Detection and monitoring guidance
- Audit web server/access logs for unusual values in parameters used to include resources (e.g., requests where the target parameter contains traversal-like characters).
- Monitor application logs for failed file-access exceptions originating when resolving or loading resources.
- Use file integrity monitoring on sensitive configuration files and watch for unexpected reads or access patterns.
- Add specialized IDS/IPS/WAF rules to detect attempts to retrieve non-public files or to include unexpected resource paths.
Testing and validation
- Perform secure code reviews looking for string concatenation used to build paths or resource identifiers.
- Run static analysis tools that detect path traversal patterns and insecure file access.

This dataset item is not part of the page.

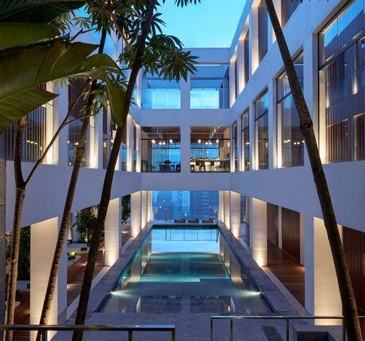 位于室外庭院之上的两层是特色餐厅、鸡尾酒酒吧和屋顶露天酒吧。围绕着室外庭院的各个空间以各自的功能制造出惊喜的体验,为酒店注入丰富的活力。

- When validating fixes, test on a staging server only and use authenticated test accounts; validate both positive (allowed pages still load) and negative cases (attempted traversal is rejected).
Responsible disclosure and patching
If you maintain OpenClinic instances, subscribe to vendor advisories and apply the official fix as soon as it is available. If you discover similar issues, follow responsible disclosure practices: privately notify the vendor, provide reproduction steps and test cases, and coordinate on timelines for remediation before public disclosure.
Best practices summary
- Prefer allowlists for selectable pages/resources instead of using raw input to build paths.
- Canonicalize and validate resolved paths against a known base directory if dynamic paths are necessary.
- Restrict filesystem permissions and minimize the application's file access scope.
- Employ layered defenses: WAF, monitoring, secure coding, and regular patching.